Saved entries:
-- Opening Marker --
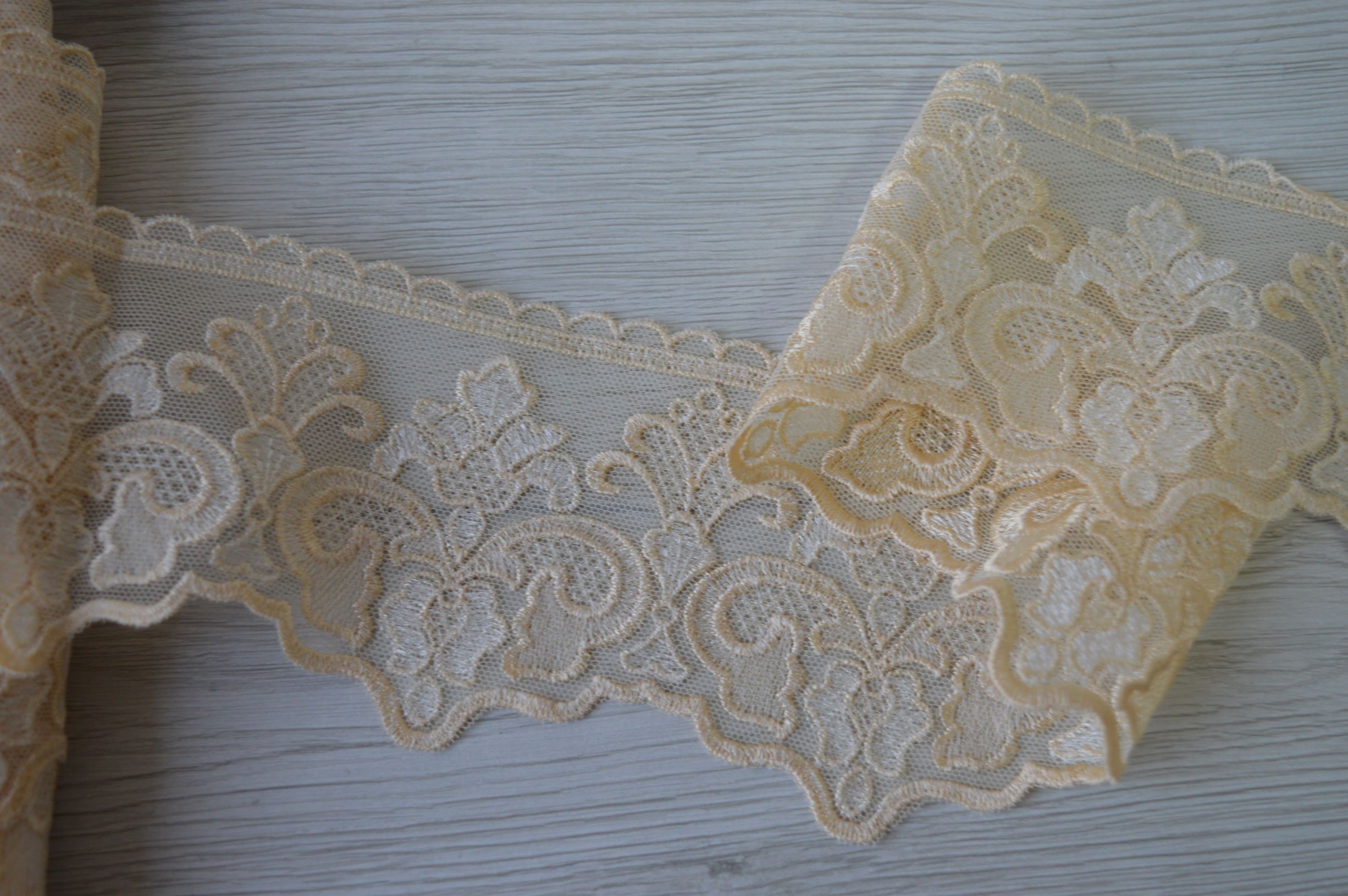 pregiatissimo finale di tulle ricamato colore beige e avorio alto cm 9 composizione 100% poliestere il prezzo si intende a mt lineari
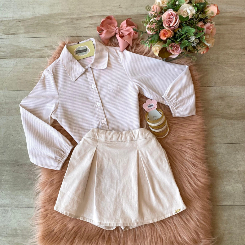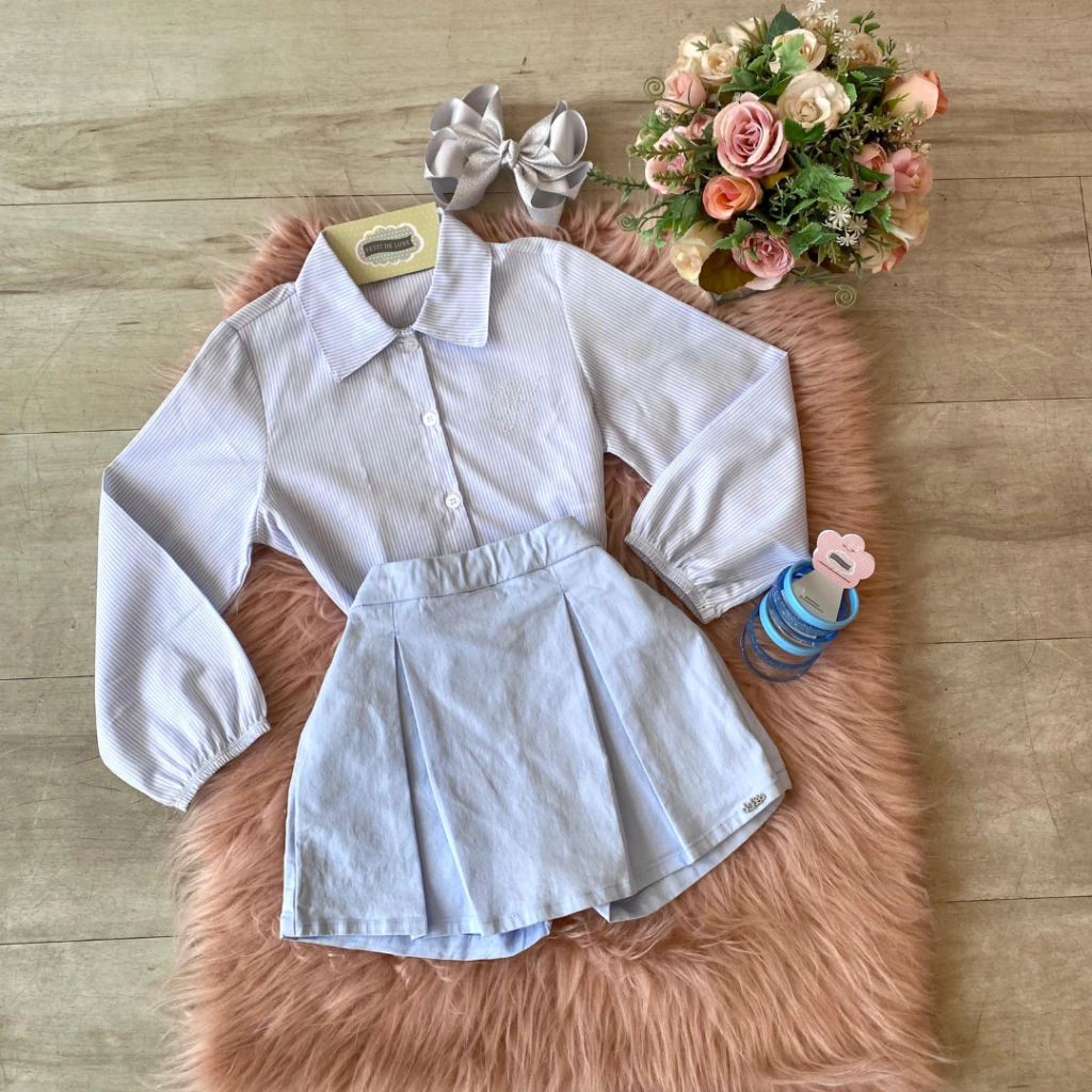 Conjunto de Camisa em Tricoline de Algodão e Short Saia em Sarja com Elastano Kukiê.
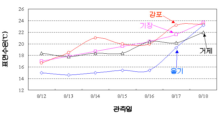 o 아래 그림은 2005년 8월 12일∼8월 18일까지 현장 관측한 기장-감포 연안의 일일 수온변동으로, 최근 수온이 주변해역과 비슷한 24∼25도를 보이고 있습니다.
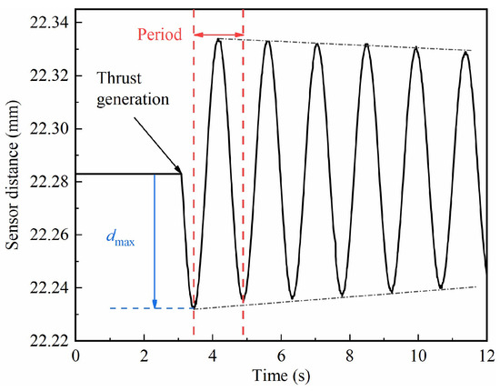 A typical measurement curve of a single-pulse impulse of ADN-based liquid propellant is shown in Figure 2. Before the propellant was ablated by the laser, the torsion pendulum was basically kept in an equilibrium position, and the value measured using the distance sensor was approximately constant. After the propellant was ablated by the laser, thrust was generated, and the torsion pendulum started to rotate, reaching the maximum displacement, dmax. Subsequently, the amplitude gradually decreased under the joint action of system damping and air damping. The impulse, I, can be obtained from the relationship between I and dmax, as established in Equation (4). It should be noted that, unlike the general thrust measurement curve [39,42], the distance sensor was on the same side of the torsion pendulum as the ablation position and opposite to the plume injection, so the measurement distance decreased first.
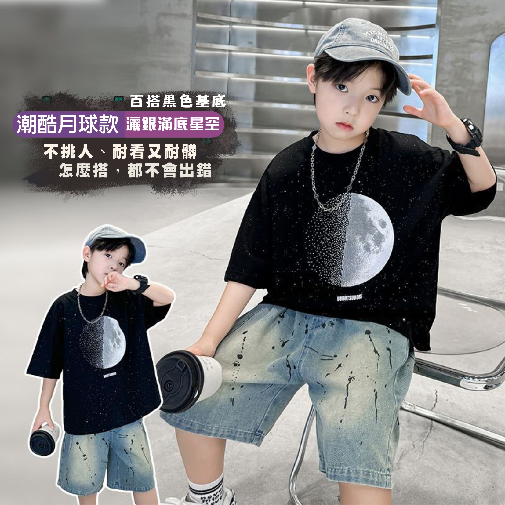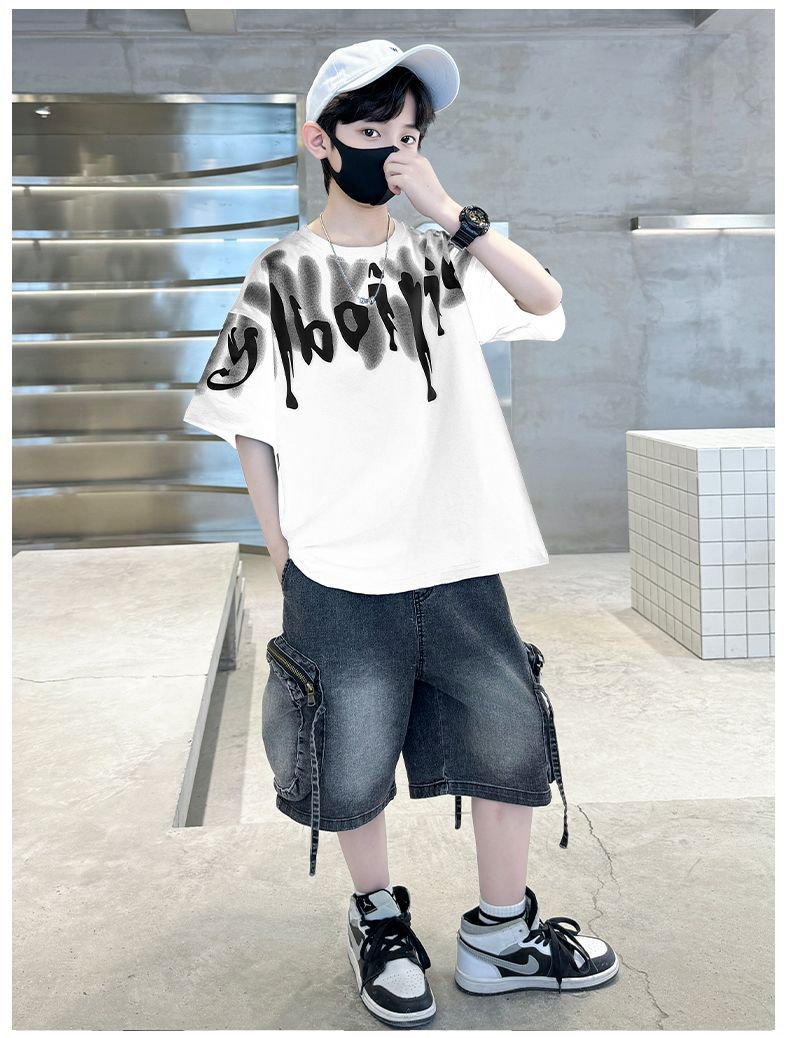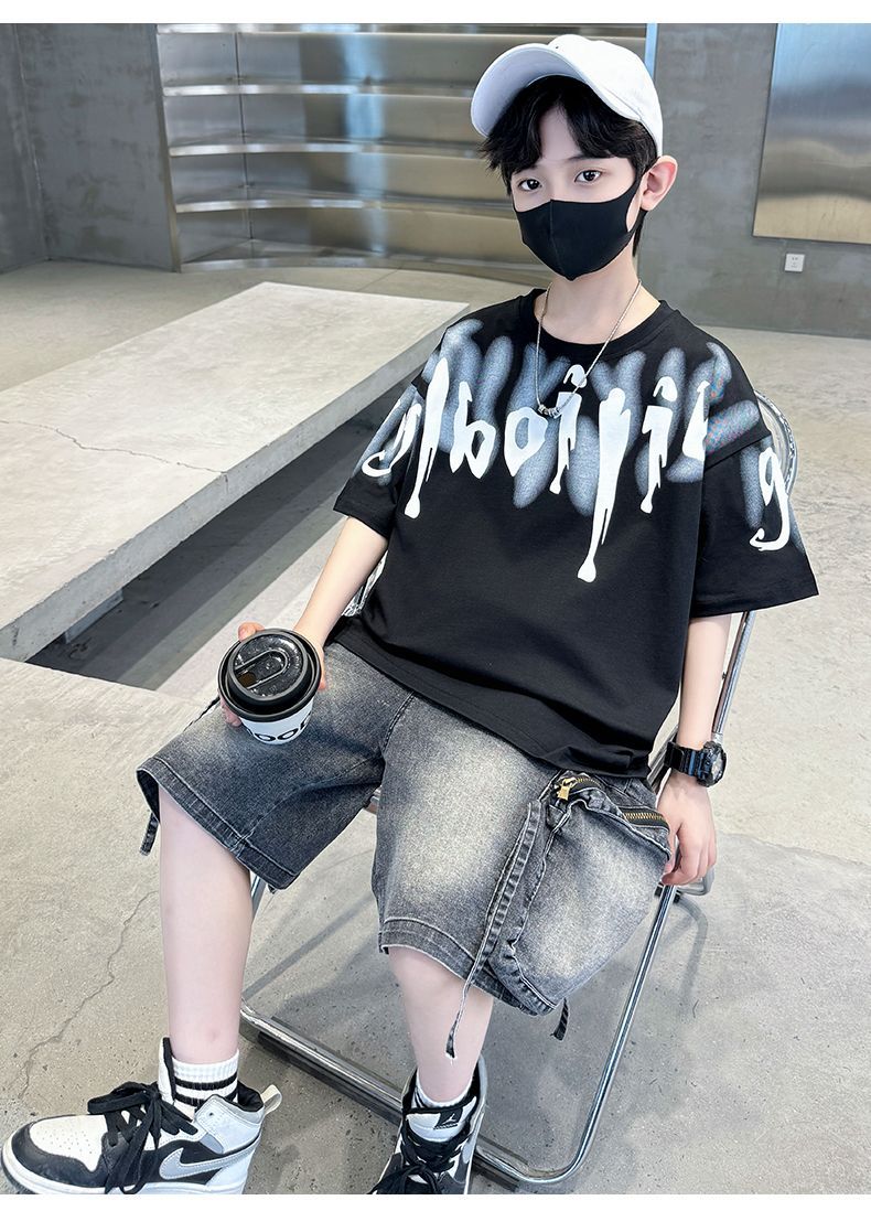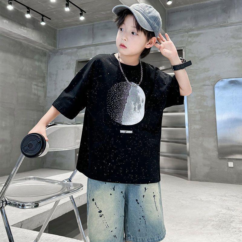 KiDSPORT🚀現貨🚀男童女童短袖上衣後背連袖翅膀印花2025夏裝帥氣百搭兒童中大童上衣潮款
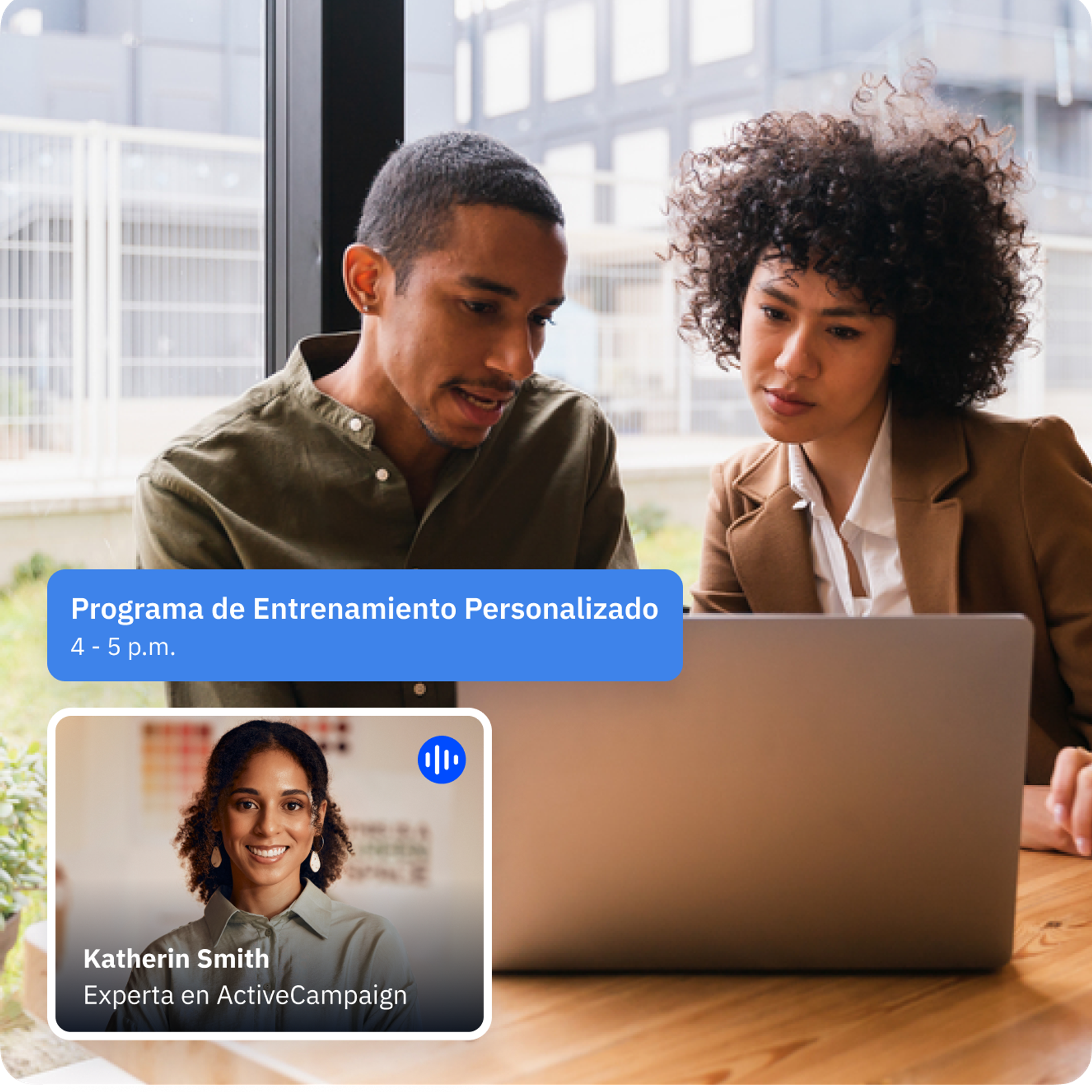 Con nuestro programa de Entrenamiento Personalizado, puedes obtener un paquete de entrenamiento privado y personalizado con un experto de ActiveCampaign y obtener información personalizada sobre cómo usar tu cuenta según tus necesidades empresariales únicas.
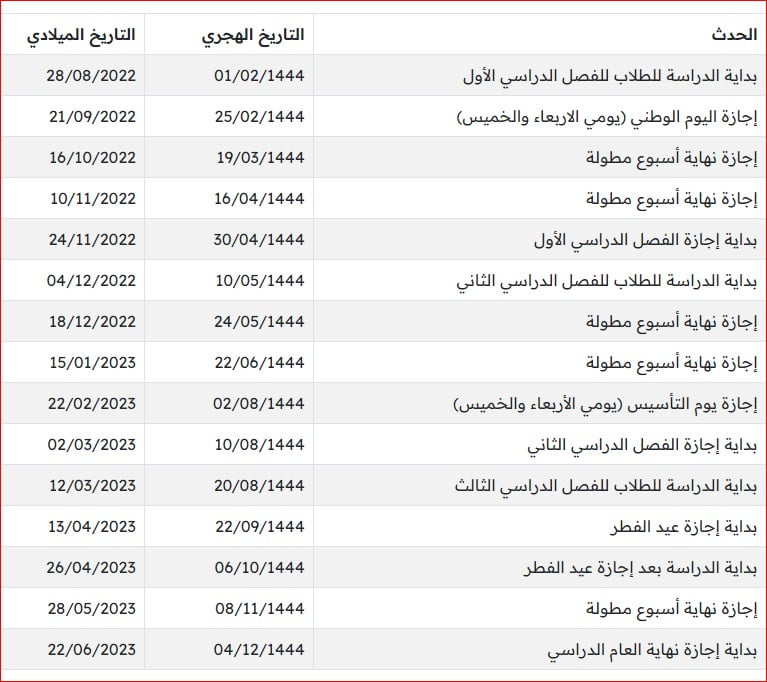 فيما يلي نستعرض التقويم الدراسي لعام 1444:
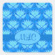 Pegatina Cuadrada Monograma azul turquesa Art Nouveau Damask
-- Closing Marker --
→ What you should do
Retype, word for word, the line containing "فيما يلي نستعرض" and each line after it through the end of the data, leaving any picture out.

→ The answer
 فيما يلي نستعرض التقويم الدراسي لعام 1444:
 Pegatina Cuadrada Monograma azul turquesa Art Nouveau Damask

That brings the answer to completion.